# Given information
- - - - -
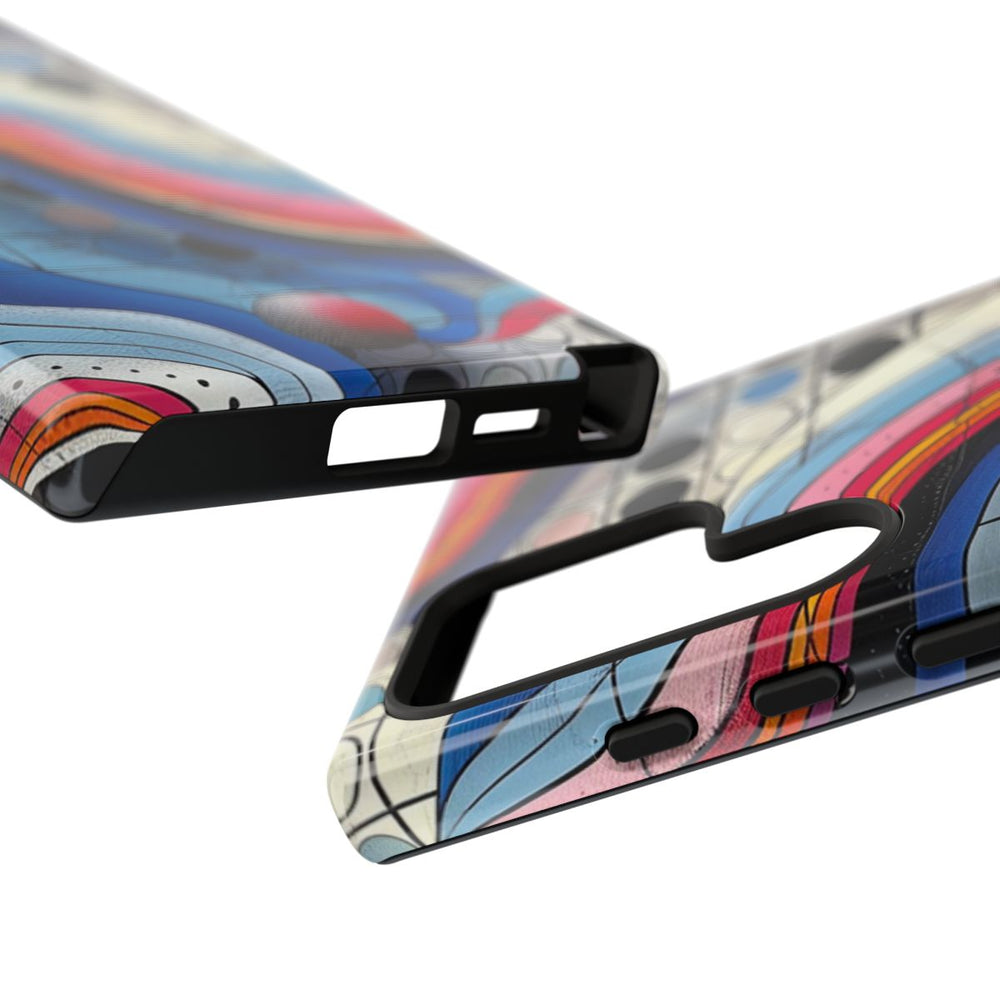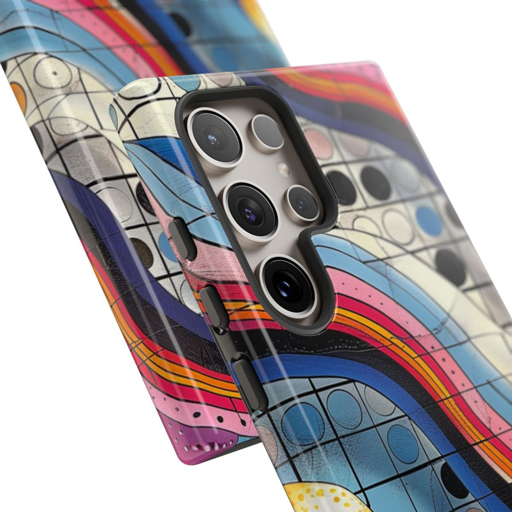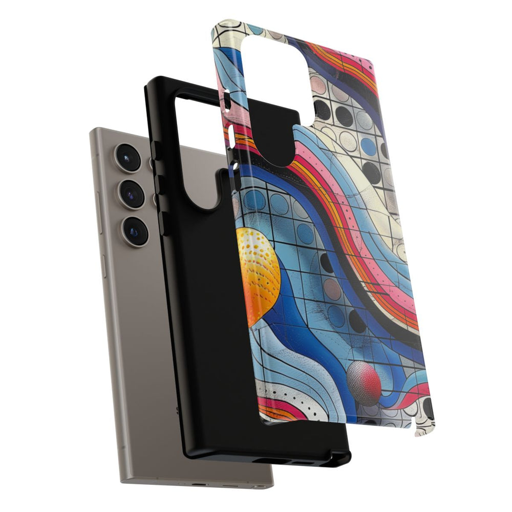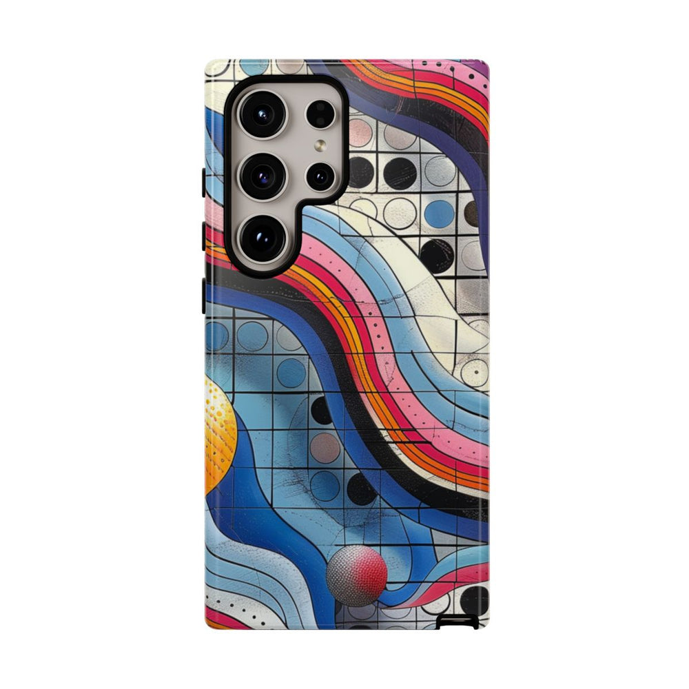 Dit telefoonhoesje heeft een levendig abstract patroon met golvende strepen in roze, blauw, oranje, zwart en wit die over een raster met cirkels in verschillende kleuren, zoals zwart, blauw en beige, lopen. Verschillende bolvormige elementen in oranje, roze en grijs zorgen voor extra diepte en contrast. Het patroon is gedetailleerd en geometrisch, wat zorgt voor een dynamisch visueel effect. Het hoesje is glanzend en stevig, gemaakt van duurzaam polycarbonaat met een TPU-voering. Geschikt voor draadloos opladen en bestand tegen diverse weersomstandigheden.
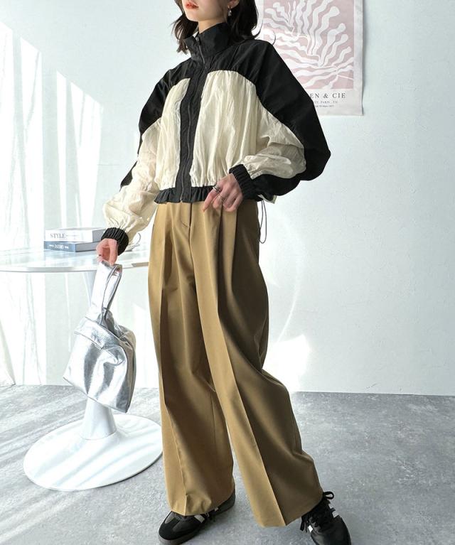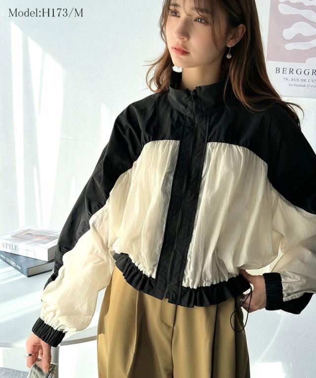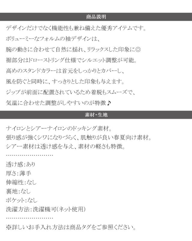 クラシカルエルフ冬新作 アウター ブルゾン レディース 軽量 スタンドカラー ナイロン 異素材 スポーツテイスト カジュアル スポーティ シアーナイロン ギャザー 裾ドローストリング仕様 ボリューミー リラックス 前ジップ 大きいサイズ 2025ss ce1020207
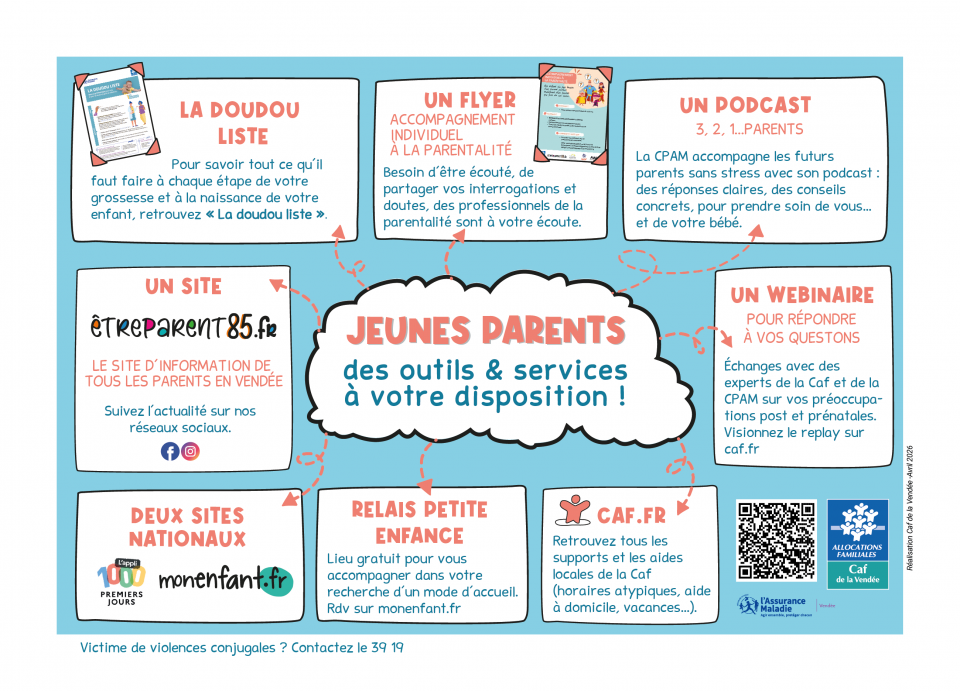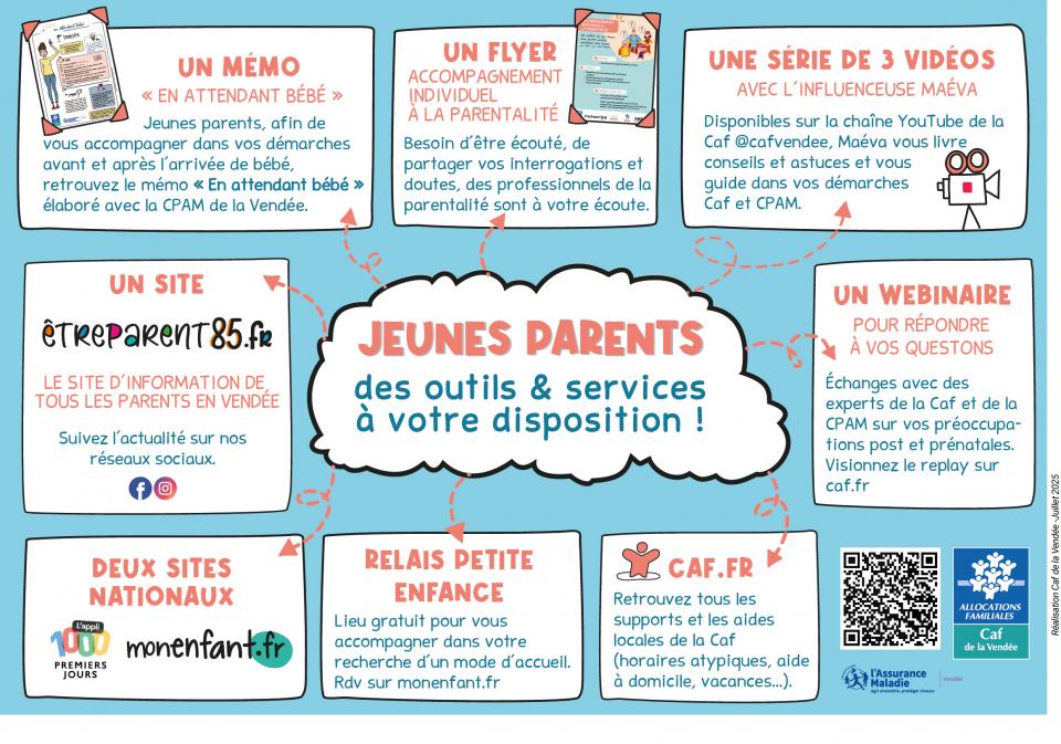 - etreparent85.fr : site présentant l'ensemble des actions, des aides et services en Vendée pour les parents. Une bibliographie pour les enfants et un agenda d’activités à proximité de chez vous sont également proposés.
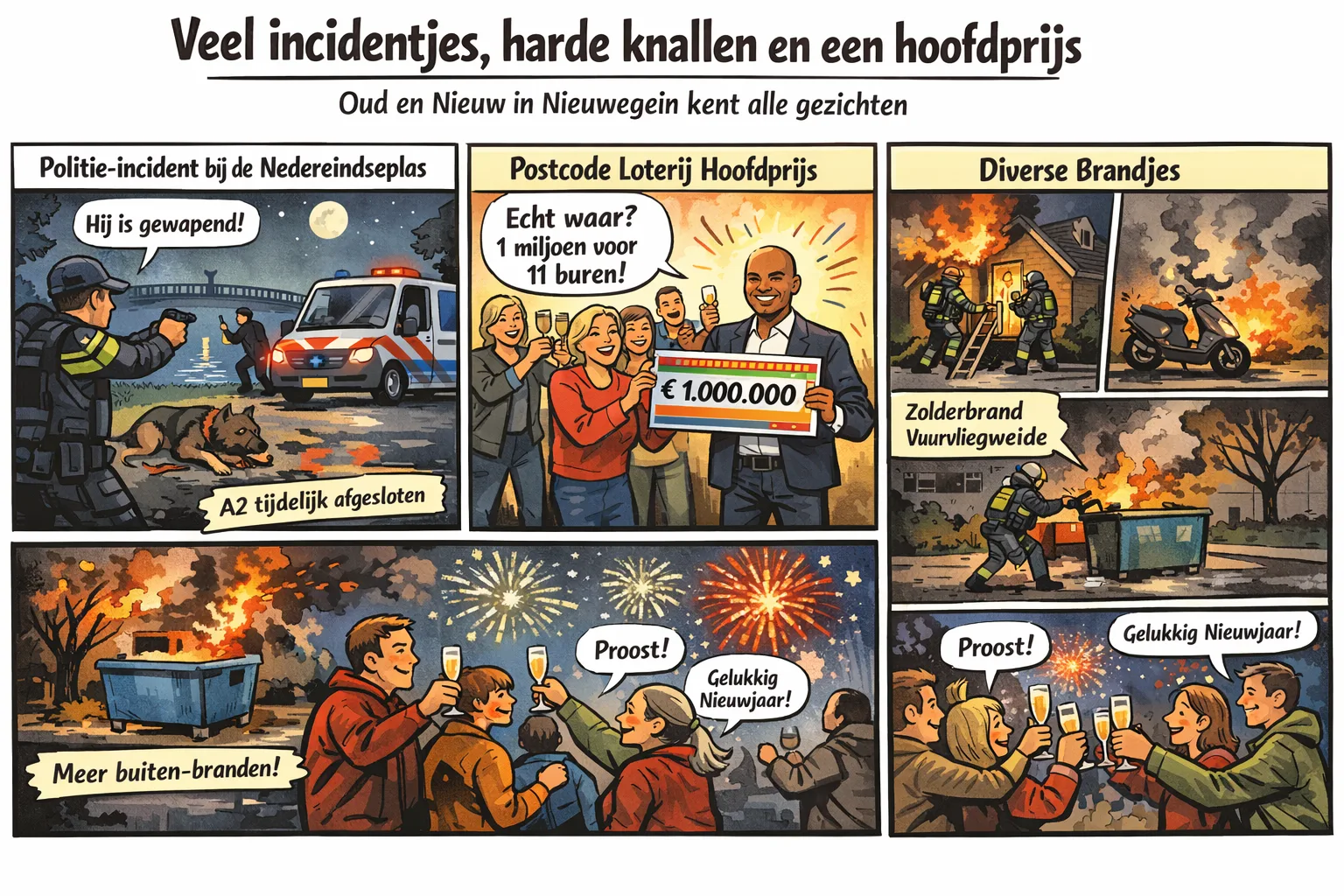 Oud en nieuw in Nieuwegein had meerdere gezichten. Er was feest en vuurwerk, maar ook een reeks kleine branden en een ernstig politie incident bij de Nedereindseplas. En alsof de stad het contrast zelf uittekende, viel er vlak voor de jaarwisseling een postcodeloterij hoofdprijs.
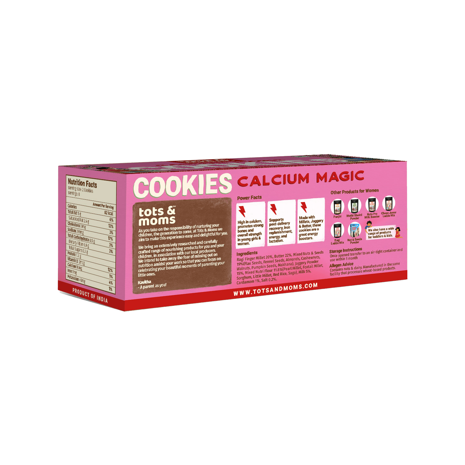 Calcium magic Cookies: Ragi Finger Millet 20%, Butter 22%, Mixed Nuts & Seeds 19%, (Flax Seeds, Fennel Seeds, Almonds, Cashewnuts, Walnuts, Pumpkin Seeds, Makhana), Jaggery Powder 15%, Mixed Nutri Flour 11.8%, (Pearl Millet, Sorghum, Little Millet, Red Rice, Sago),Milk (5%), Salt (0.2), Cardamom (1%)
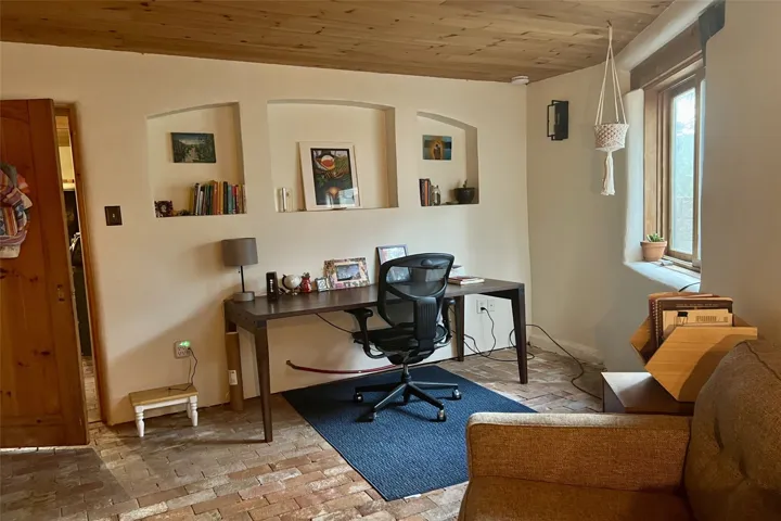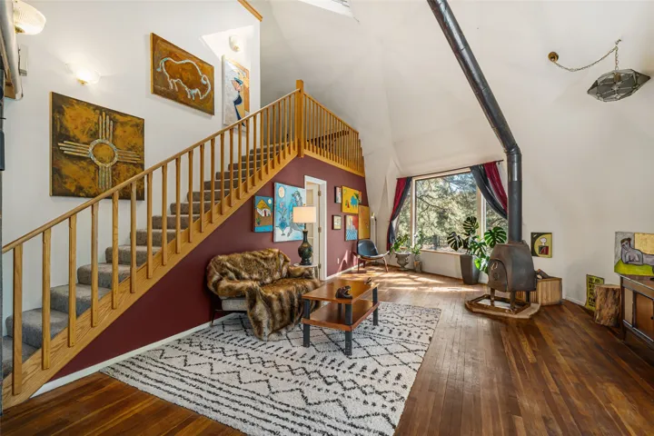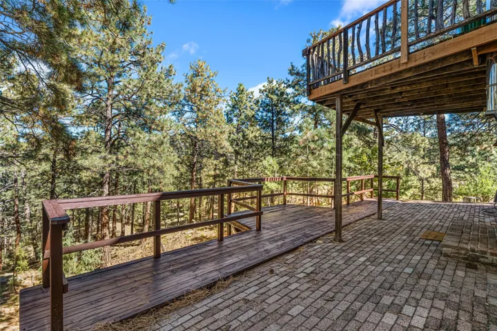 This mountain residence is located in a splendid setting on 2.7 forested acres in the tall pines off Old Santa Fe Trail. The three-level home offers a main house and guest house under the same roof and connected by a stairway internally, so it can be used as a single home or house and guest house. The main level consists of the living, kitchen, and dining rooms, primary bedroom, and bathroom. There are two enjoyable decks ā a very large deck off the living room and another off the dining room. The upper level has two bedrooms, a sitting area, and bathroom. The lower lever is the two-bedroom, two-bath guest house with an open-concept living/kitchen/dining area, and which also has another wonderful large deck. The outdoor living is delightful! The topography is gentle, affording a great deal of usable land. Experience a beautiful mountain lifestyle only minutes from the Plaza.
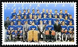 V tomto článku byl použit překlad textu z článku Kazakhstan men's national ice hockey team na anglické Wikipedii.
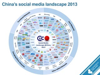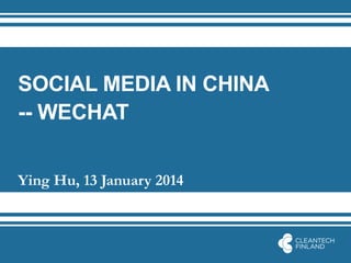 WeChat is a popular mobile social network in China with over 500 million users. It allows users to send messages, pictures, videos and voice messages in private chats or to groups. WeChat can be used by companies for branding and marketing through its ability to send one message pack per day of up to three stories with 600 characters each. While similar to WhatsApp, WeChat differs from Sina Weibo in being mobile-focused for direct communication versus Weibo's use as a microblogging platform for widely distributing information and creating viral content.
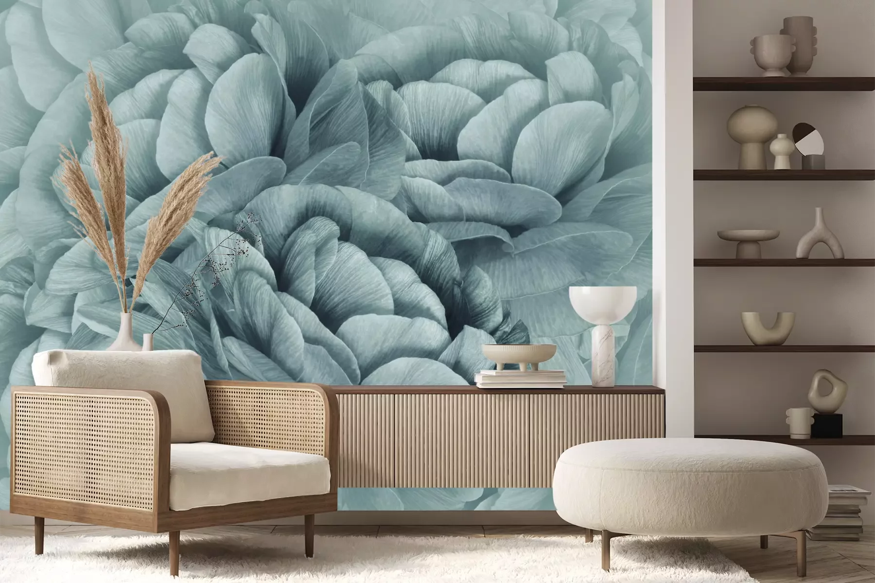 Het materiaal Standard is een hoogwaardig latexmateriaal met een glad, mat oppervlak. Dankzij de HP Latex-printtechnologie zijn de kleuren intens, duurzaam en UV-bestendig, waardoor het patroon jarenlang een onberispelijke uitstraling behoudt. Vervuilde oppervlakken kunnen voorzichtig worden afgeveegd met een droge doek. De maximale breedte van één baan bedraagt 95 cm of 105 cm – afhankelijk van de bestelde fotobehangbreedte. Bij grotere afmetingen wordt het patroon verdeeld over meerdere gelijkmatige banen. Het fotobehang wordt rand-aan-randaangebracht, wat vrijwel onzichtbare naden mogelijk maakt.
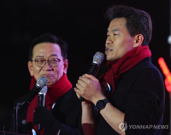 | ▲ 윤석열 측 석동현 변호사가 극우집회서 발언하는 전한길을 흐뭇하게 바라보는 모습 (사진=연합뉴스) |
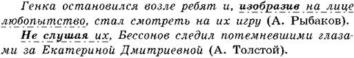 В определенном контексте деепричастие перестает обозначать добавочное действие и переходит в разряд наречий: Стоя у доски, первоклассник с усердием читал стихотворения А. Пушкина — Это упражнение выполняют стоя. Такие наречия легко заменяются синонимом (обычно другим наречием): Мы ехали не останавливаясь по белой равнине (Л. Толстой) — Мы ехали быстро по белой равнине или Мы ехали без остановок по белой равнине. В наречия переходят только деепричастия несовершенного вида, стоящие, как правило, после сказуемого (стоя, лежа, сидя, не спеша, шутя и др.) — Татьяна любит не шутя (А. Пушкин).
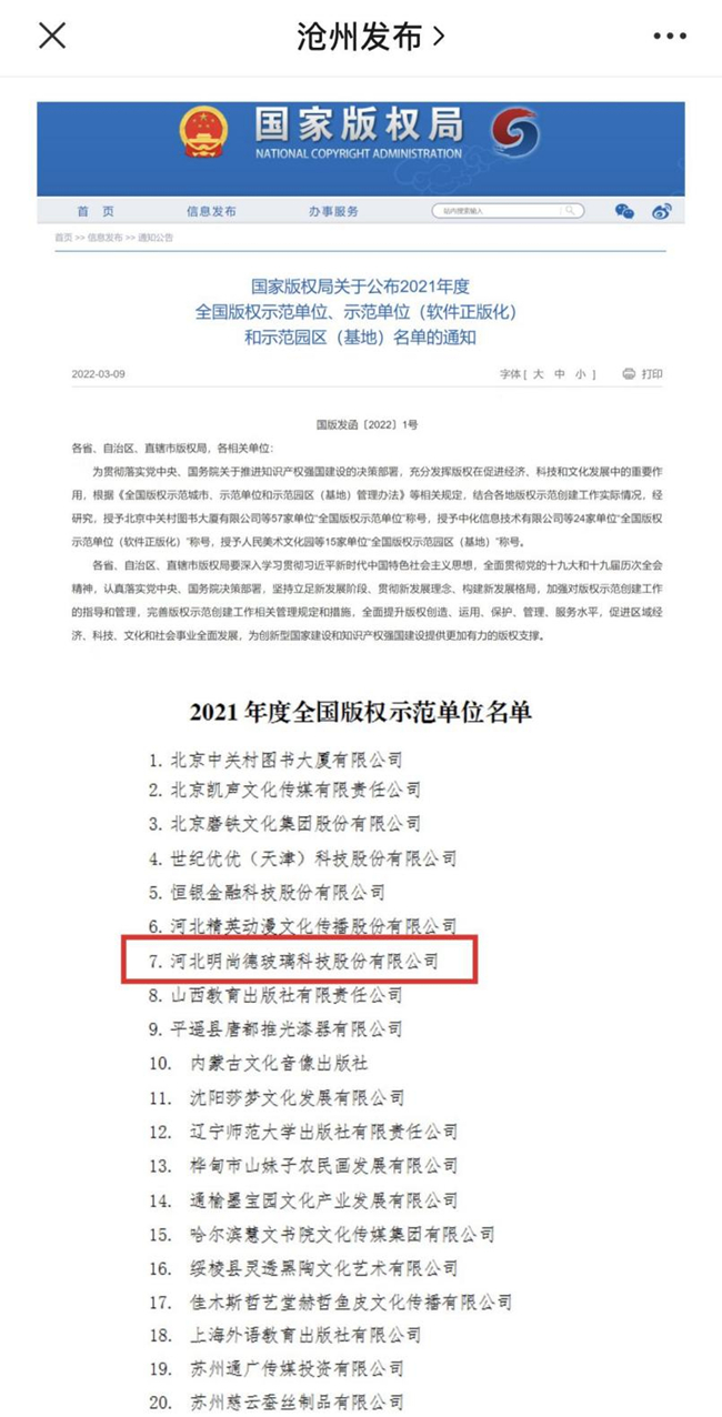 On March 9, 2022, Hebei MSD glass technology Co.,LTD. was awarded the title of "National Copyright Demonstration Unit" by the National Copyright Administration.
- - - - -
Only one part of the material above is wanted: the lines from the one with "- etreparent85.fr : site" up to and including the one with "Calcium magic Cookies: Ragi". Please copy them exactly, pictures left out.

# Exercise result
 - etreparent85.fr : site présentant l'ensemble des actions, des aides et services en Vendée pour les parents. Une bibliographie pour les enfants et un agenda d’activités à proximité de chez vous sont également proposés.
 Oud en nieuw in Nieuwegein had meerdere gezichten. Er was feest en vuurwerk, maar ook een reeks kleine branden en een ernstig politie incident bij de Nedereindseplas. En alsof de stad het contrast zelf uittekende, viel er vlak voor de jaarwisseling een postcodeloterij hoofdprijs.
 Calcium magic Cookies: Ragi Finger Millet 20%, Butter 22%, Mixed Nuts & Seeds 19%, (Flax Seeds, Fennel Seeds, Almonds, Cashewnuts, Walnuts, Pumpkin Seeds, Makhana), Jaggery Powder 15%, Mixed Nutri Flour 11.8%, (Pearl Millet, Sorghum, Little Millet, Red Rice, Sago),Milk (5%), Salt (0.2), Cardamom (1%)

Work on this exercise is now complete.